» **WORK INSTRUCTIONS**:
Reproduce the following data exactly, minus any images.

» **SUPPLIED MATERIAL**:
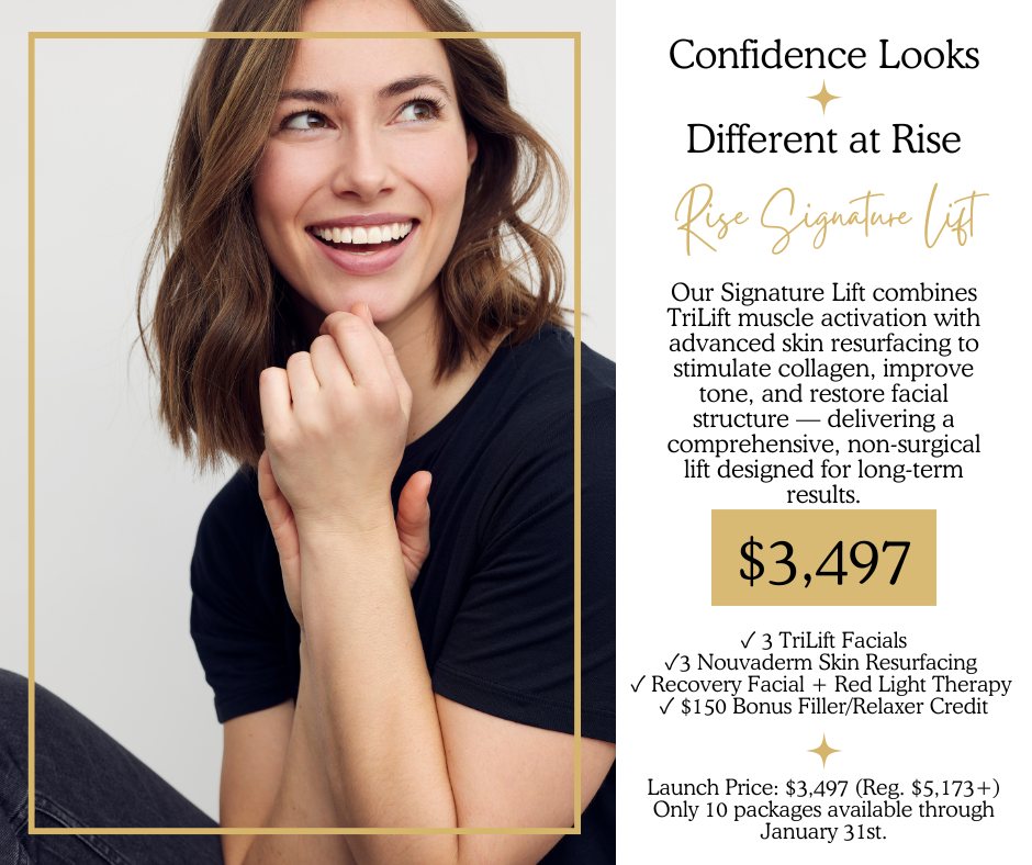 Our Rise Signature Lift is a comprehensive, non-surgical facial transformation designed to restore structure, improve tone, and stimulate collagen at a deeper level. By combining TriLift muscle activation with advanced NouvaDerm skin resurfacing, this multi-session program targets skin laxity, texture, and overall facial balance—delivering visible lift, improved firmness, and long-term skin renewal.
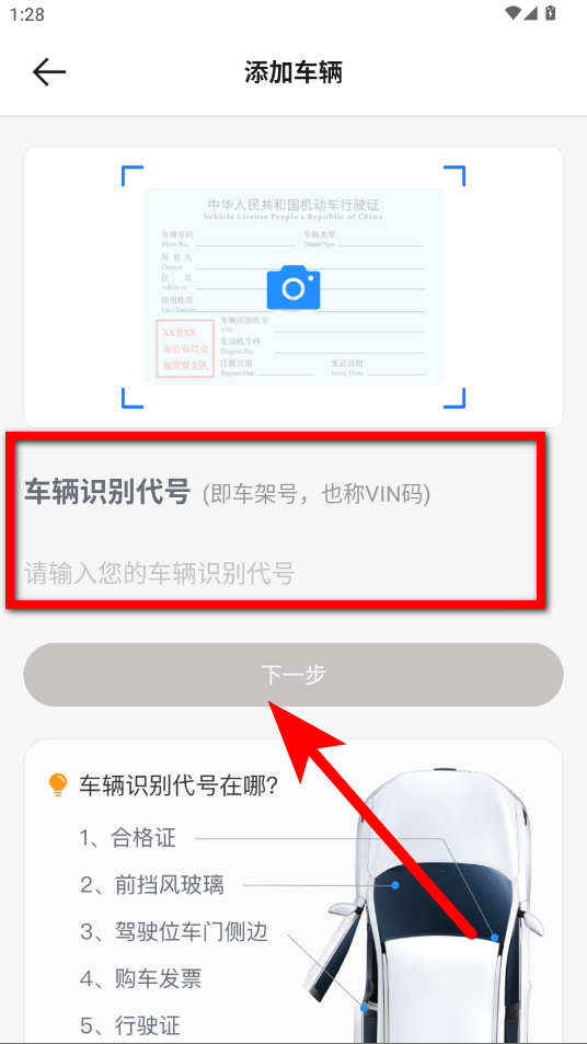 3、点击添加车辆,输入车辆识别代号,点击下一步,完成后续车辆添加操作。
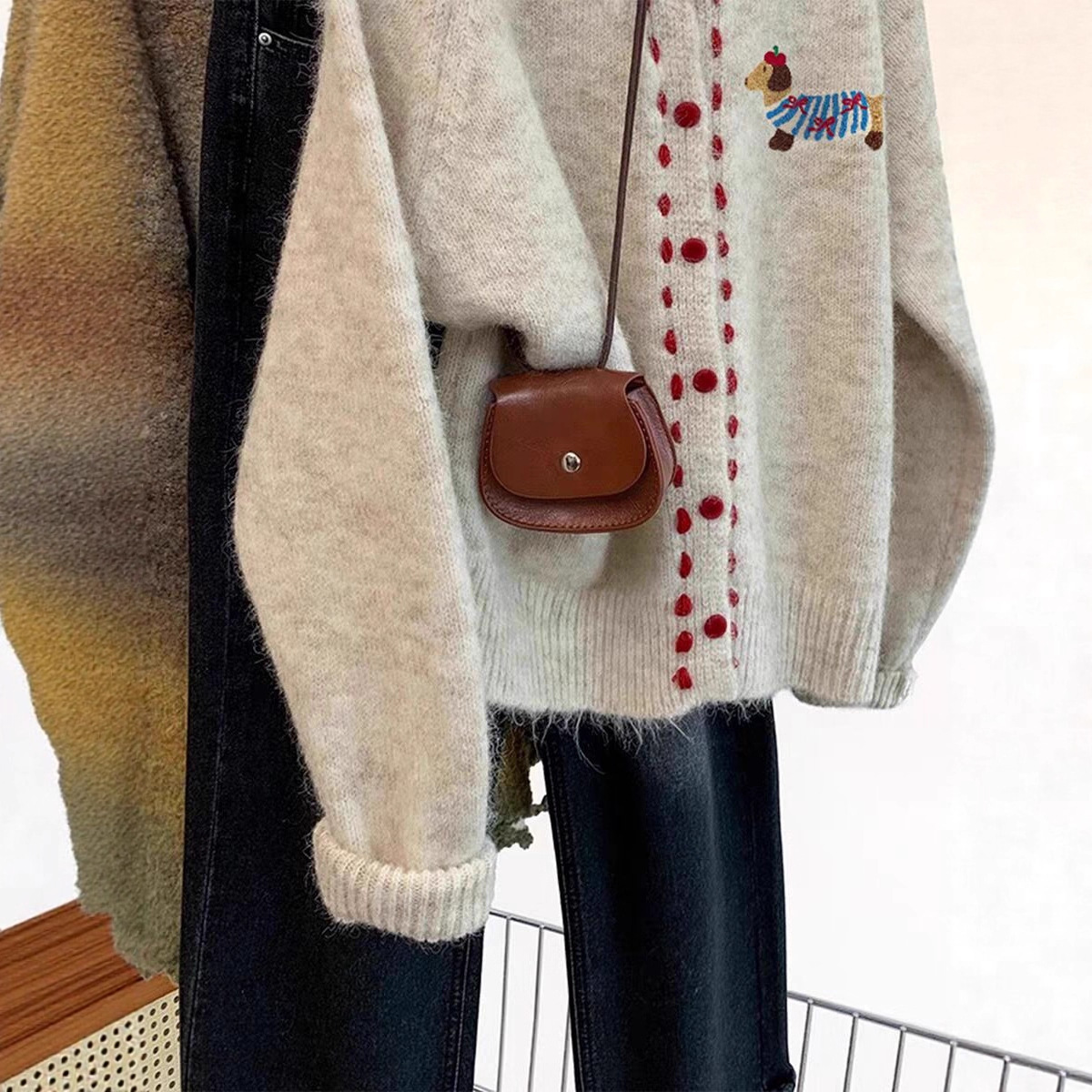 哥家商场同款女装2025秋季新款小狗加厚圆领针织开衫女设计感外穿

» **REPLY**:
 Our Rise Signature Lift is a comprehensive, non-surgical facial transformation designed to restore structure, improve tone, and stimulate collagen at a deeper level. By combining TriLift muscle activation with advanced NouvaDerm skin resurfacing, this multi-session program targets skin laxity, texture, and overall facial balance—delivering visible lift, improved firmness, and long-term skin renewal.
 3、点击添加车辆,输入车辆识别代号,点击下一步,完成后续车辆添加操作。
 哥家商场同款女装2025秋季新款小狗加厚圆领针织开衫女设计感外穿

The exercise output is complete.